Department of Educational Psychology

 

Date of this Version

1-2015

Citation

Published in Child Abuse & Neglect 44 (2015), pp 1–4.

doi:10.1016/j.chiabu.2015.01.004

Comments

Copyright © 2015 Elsevier Ltd. Used by permission.

Abstract

On December 10, 2014, the Nobel Peace Prize was awarded in Oslo, Norway, to Kailash Satyarthi and Malala Yousafzai “for their struggle against the suppression of children and young people and for the right of all children to education” (Nobel Media AB, 2014). Satyarthi, who lives in New Delhi, India, has a long record as an international activist for the rights of children and youth. Yousafzai was already known to the world as Malala, the Pakistani girl who was shot in the head by the Taliban for her support of education for girls (Yousafzai, 2013).

Then, life went on. Within a week the Pakistani Taliban attacked a school in Peshawar, Pakistan. They killed more than 140 individuals, including more than 130 schoolchildren.

In a recent study, Elisabeth King (2014) analyzed education in Rwanda over the past century. Rwanda is of course quite different from Pakistan. But in Rwanda, as in Pakistan, India, and everywhere else, complex histories and identities figure prominently in education and violence (Moshman, 2004, 2009, 2011). In recognition of the 2014 Peace Prize focus on children, youth, and education, I provide here an overview of King’s illuminating book, which has implications far beyond Rwanda. But first, a brief general history....

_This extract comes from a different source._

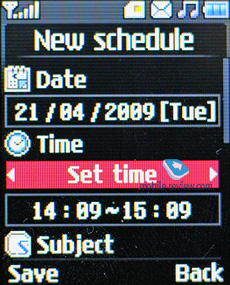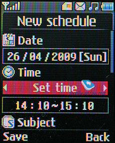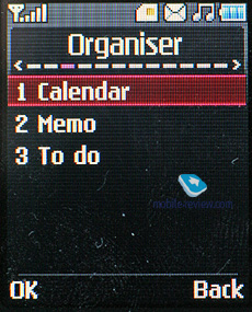 Органайзер. В календаре возможен просмотр только по месяцам. В памяти аппарата может храниться до 100 событий. Возможности календаря невелики. Для события вы задаете дату и время, записываете тему, выставляете по необходимости звуковое оповещение, срок действия события, а также периодичность повтора.

The 2014 Nobel Peace Prize highlighted the “struggle against the suppression of children and young people and for the right of all children to education.” In presenting this as a single struggle, it seemed to construe the struggle for the right to education as part of, or at least consistent with, the struggle against suppression of children. But the story of Rwanda reminds us that official curricula and associated school practices are not always part of the struggle against suppression. On the contrary they often contribute to the suppression of children and young people through ideological approaches to history and stringent restrictions on expression, discussion, and identity. For education to serve the role assumed in the Nobel citation we cannot define it so broadly as to encompass any and all curricula governments devise and anything schools happen to do. To the extent that students are being constrained and indoctrinated, they are not engaged in genuine learning or development and thus are not being educated. We must insist on curricula and pedagogical practices that make education part of the “struggle against the suppression of children and young people” rather than part of the system of suppression. Rwanda is just one small country, but it is typical in important ways. Every country has its own problems of history, identity, violence, denial, and indoctrination. Systematic manipulations of social identity and associated falsifications of history often contribute to generations of violence. Thus, even as we do our best to make education available and safe for all children and youth, we must not be satisfied with exposing children to whatever schools happen to do. Moving beyond the 2014 Peace Prize, we must ensure that what passes for education is really education.